# Exercise brief
Any picture in the entries is to be skipped, while everything else is transcribed word for word.

Task data below:

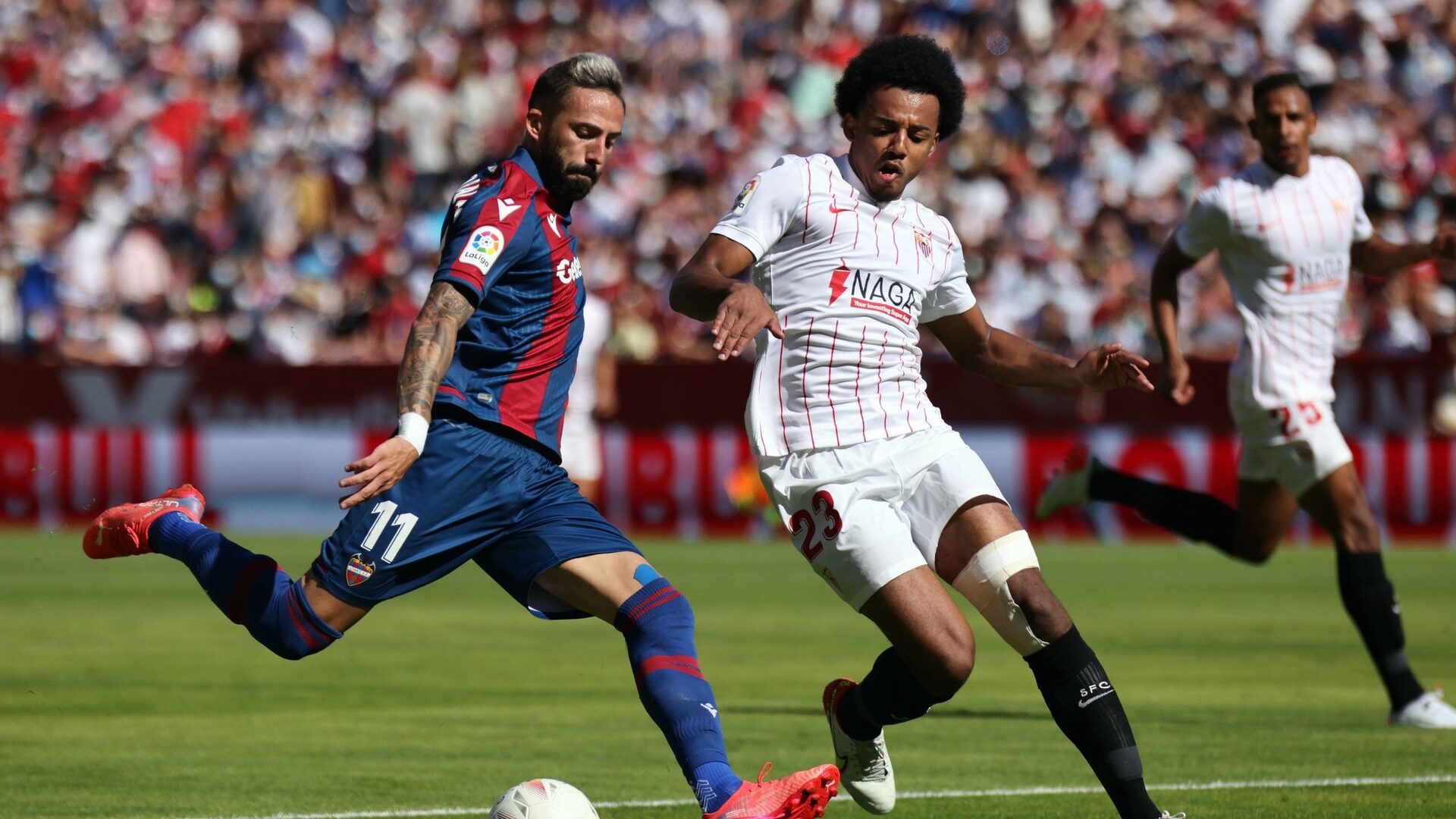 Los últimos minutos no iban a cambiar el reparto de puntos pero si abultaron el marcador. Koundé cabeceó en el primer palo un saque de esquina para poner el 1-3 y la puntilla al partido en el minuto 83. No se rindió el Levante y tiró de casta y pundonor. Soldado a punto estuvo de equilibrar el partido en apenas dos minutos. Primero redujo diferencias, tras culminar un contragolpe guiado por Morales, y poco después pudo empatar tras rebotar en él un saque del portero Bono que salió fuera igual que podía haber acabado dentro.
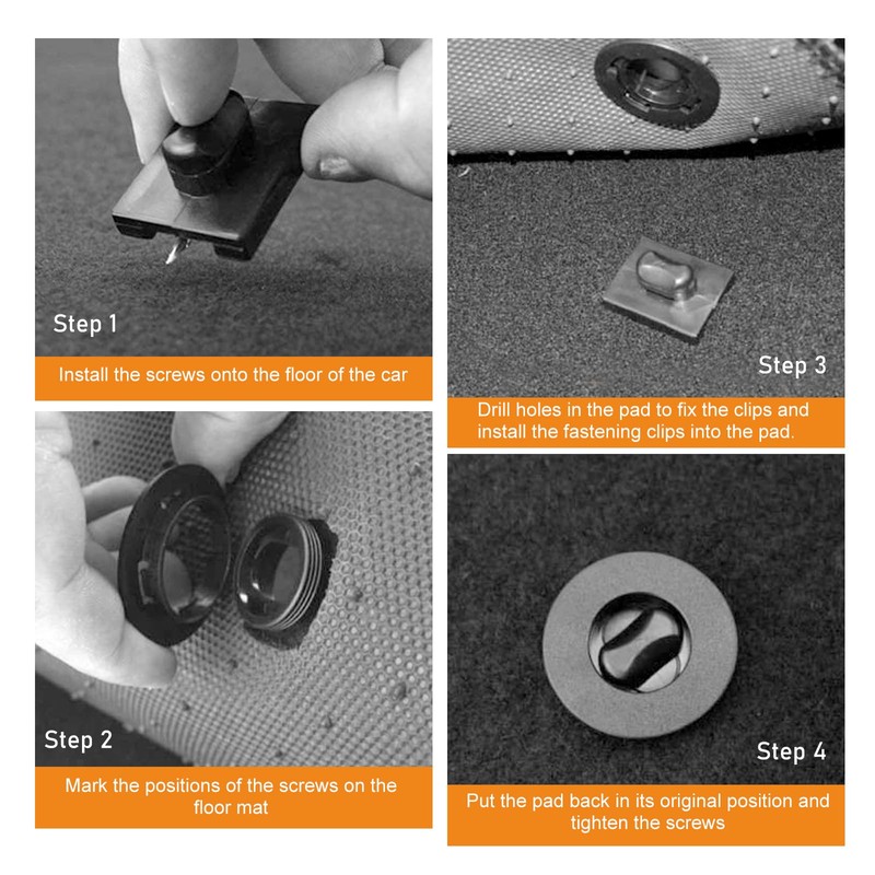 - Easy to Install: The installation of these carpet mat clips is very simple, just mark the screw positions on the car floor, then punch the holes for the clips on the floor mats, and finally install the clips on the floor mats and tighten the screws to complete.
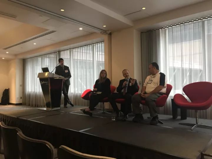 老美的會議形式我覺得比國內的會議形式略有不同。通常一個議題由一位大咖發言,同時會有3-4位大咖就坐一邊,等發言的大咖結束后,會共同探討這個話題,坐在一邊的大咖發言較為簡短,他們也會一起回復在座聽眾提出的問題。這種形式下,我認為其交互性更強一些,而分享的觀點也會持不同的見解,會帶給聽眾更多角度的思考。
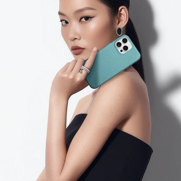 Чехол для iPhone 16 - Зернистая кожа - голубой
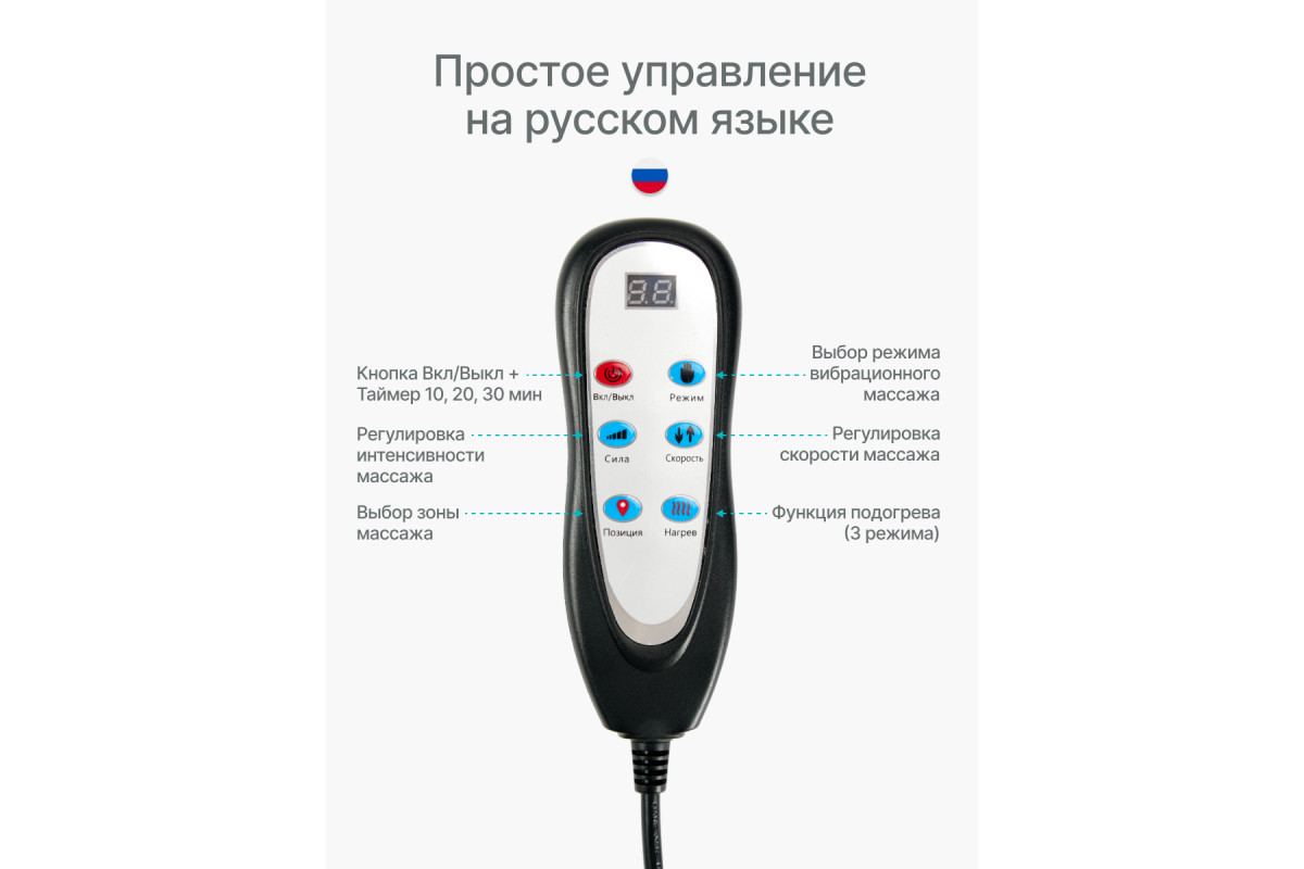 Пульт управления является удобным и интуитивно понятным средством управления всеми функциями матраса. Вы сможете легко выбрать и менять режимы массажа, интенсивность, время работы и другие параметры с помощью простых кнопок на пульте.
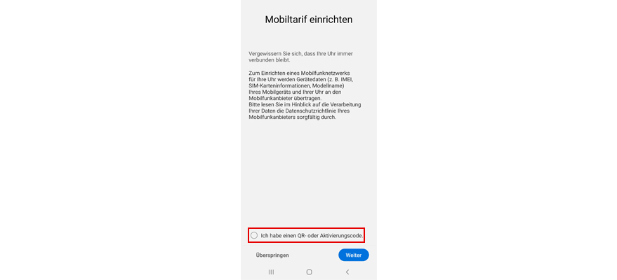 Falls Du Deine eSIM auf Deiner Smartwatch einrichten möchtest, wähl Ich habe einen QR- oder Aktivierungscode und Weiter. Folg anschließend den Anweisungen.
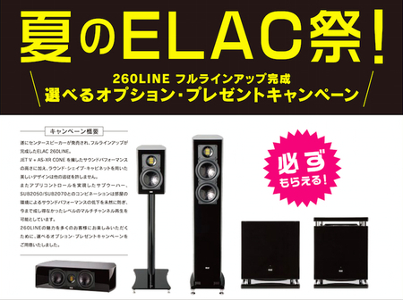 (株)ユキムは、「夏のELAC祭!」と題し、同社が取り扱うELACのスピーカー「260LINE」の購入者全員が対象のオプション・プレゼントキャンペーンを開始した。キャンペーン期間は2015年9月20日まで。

End of Task data.

# Problem solution
 Los últimos minutos no iban a cambiar el reparto de puntos pero si abultaron el marcador. Koundé cabeceó en el primer palo un saque de esquina para poner el 1-3 y la puntilla al partido en el minuto 83. No se rindió el Levante y tiró de casta y pundonor. Soldado a punto estuvo de equilibrar el partido en apenas dos minutos. Primero redujo diferencias, tras culminar un contragolpe guiado por Morales, y poco después pudo empatar tras rebotar en él un saque del portero Bono que salió fuera igual que podía haber acabado dentro.
 - Easy to Install: The installation of these carpet mat clips is very simple, just mark the screw positions on the car floor, then punch the holes for the clips on the floor mats, and finally install the clips on the floor mats and tighten the screws to complete.
 老美的會議形式我覺得比國內的會議形式略有不同。通常一個議題由一位大咖發言,同時會有3-4位大咖就坐一邊,等發言的大咖結束后,會共同探討這個話題,坐在一邊的大咖發言較為簡短,他們也會一起回復在座聽眾提出的問題。這種形式下,我認為其交互性更強一些,而分享的觀點也會持不同的見解,會帶給聽眾更多角度的思考。
 Чехол для iPhone 16 - Зернистая кожа - голубой
 Пульт управления является удобным и интуитивно понятным средством управления всеми функциями матраса. Вы сможете легко выбрать и менять режимы массажа, интенсивность, время работы и другие параметры с помощью простых кнопок на пульте.
 Falls Du Deine eSIM auf Deiner Smartwatch einrichten möchtest, wähl Ich habe einen QR- oder Aktivierungscode und Weiter. Folg anschließend den Anweisungen.
 (株)ユキムは、「夏のELAC祭!」と題し、同社が取り扱うELACのスピーカー「260LINE」の購入者全員が対象のオプション・プレゼントキャンペーンを開始した。キャンペーン期間は2015年9月20日まで。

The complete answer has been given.